The current flowing through our meter (modeled by the resistor $R_M$) is equal to the current flowing through the leakage resistor. This is also equal to the current supplied from our voltage source.
\[I_M = I_L = I_{\in}\]

\begin{circuit}{fig:1.9.3}{Voltage and current labels are added.}
    (0,2) to[V=$V_{\in}$] (0,0)
    (0,2) to[short, i>^=$I_{\in}$] (1,2)
    (1,2) to[R=$R_M$, v_>=$V_M$] (3,2)
    (3,2) to[short] (4,2)
    (4,2) to[R=$R_L$, v_>=$V_L$] (4,0)
    (4,0) to[short] (0,0)
\end{circuit}

Notice: this test circuit is a \textbf{voltage divider}.  When you use this technique, the voltmeter itself makes up half of the divider. The voltage across the leakage resistor cannot be measured directly, so we calculate it using Kirchhoff's Voltage Law by subtracting our voltmeter's reading from the voltage of our DC supply.
\[V_L = V_{\in} - V_M\]
The current through the voltmeter's resistance is given by Ohm's Law.
\[I_M = \frac{V_M}{R_M}\]
The current through the leakage resistor is given by Ohm's Law.
\[I_L = \frac{V_L}{R_L}\]
We already determined that $I_M$ and $I_L$ are equal, so we can set the two previous expressions equal to each other.
\[I_M = I_L  \Rightarrow  \frac{V_M}{R_M} = \frac{V_L}{R_L}\]
We will rearrange the above equation to give an expression for $R_L$.
\[R_L = R_M \frac{V_L}{V_M}\]
Now we can substitute our first expression for $V_L$ into the previous equation to eliminate $V_M$ (the final unknown term).
\[R_L = R_M \frac{V_{\in} - V_M}{V_M}\]
Rewriting the equation, the final result is
\[\mans{R_L = R_M \left(\frac{V_{\in}}{V_M} - 1\right)}\]

To measure leakage current with a voltmeter, simply divide the meter's reading by the resistance of the meter.  For example, if your \SI{10}{\Mohm} voltmeter measures \SI{0.023}{\V}, then $I_{leakage} = \SI{23}{\mV} / \SI{10}{\Mohm} = \SI{2.3}{\nA}$.  The accuracy of such a measurement depends both on the accuracy of the voltage measurement, and the tolerance of the meter's resistance.

\ex{1.10}
\begin{enumerate}
    \item 
    With two equal-value resistors, the output voltage is half the input voltage.
    \[V_\out = \frac{1}{2}V_\in = \frac{\SI{30}{\V}}{2} = \mans{\SI{15}{\V}}\]

    \item 
    To treat $R_2$ and $R_{\load}$ as a single resistor, combine the two resistors which are in parallel to find that the combined (equivalent) resistance is \SI{5}{\kohm}. Now, we have a simple voltage divider with a \SI{10}{\kohm} resistor in series with the \SI{5}{\kohm} equivalent resistor.
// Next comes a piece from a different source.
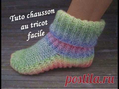 TUTO CHAUSSONS COTE ANGLAISE AU TRICOT Slippers booties knitting BOTITAS BOTAS TEJIDAS DOS AGUJAS
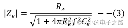 其中该阻抗由电阻Re与电容Ce组成,其阻抗值可以表示为

The output voltage is across this equivalent resistance. The output voltage is given by 
    \[V_\out = V_{\in} \frac{\SI{5}{\kohm}}{\SI{10}{\kohm} + \SI{5}{\kohm}} = \frac{\SI{30}{\V}}{3} = \mans{\SI{10}{\V}} \]
    \begin{circuit}{fig:1.10.1}{Voltage divider with simplified equivalent resistance}
        % \label{1.10fig1}
        (0,2) to[V=$V_{\in}$] (0,0)
        to[short] (2,0)
        to[R=$R_{eq}$] (2,2)
        to[R=$R_1$](0,2)
        (2,0) to[short, *-o] (3,0)
        (2,2) to[short, *-o] (3,2)
        (3,0) to[open, v_<=$V_\out$] (3,2)
    \end{circuit}

    \item 
    We can redraw the voltage divider circuit to make the ``port'' clearer. 
    \begin{circuit}{fig:1.10.2}{Voltage divider with port shown.}
        % \label{1.10fig1}
        (0,2) to[V=$V_\in$] (0,0)
        to[short] (2,0)
        to[R=$R_2$] (2,2)
        to[R=$R_1$](0,2)
        (2,0) to[short, *-o] (3,0)
        (2,2) to[short, *-o] (3,2)
        (3,0) to[open, v_<=$V_\out$] (3,2)
    \end{circuit}

    We can find $V_\Th$ by leaving the ports open (open circuit) and measuring $V_\out$, the voltage across $R_2$. This comes out to be half the input voltage when $R_1 = R_2$, so $V_\out = \SI{15}{\V}$. Thus $V_{\Th} = \mans{\SI{15}{\V}}$.
    
    To find the Th\'evinen resistance, we need to find the short circuit current, $I_{SC}$. We short circuit the port and measure the current flowing through it.
    \begin{circuit}{fig:1.10.3}{Voltage divider with short circuit on the output.}
        (0,2) to[V=$V_\in$] (0,0) 
        to[short] (2,0)
        to[R=$R_2$] (2,2)
        to[R=$R_1$](0,2)
        (2,0) to[short] (3,0)
        (2,2) to[short] (3,2)
        (3,0) to[short, i_<=$I_{SC}$] (3,2) 
    \end{circuit}
    
    In this circuit, no current flows through $R_2$, flowing through the short instead. Thus we have $I_{SC} = \dfrac{V_\in }{R_1}$. From this, we can find $R_\Th$ from $R_\Th = \dfrac{V_\Th}{I_{SC}}$. This gives us 
    \[R_\Th = \frac{V_\Th}{I_{SC}} = \frac{V_\Th}{V_\in/R_1} = \frac{\SI{15}{\V}}{\SI{30}{\V}/\SI{10}{\kohm}} = \mans{\SI{5}{\kohm}}\]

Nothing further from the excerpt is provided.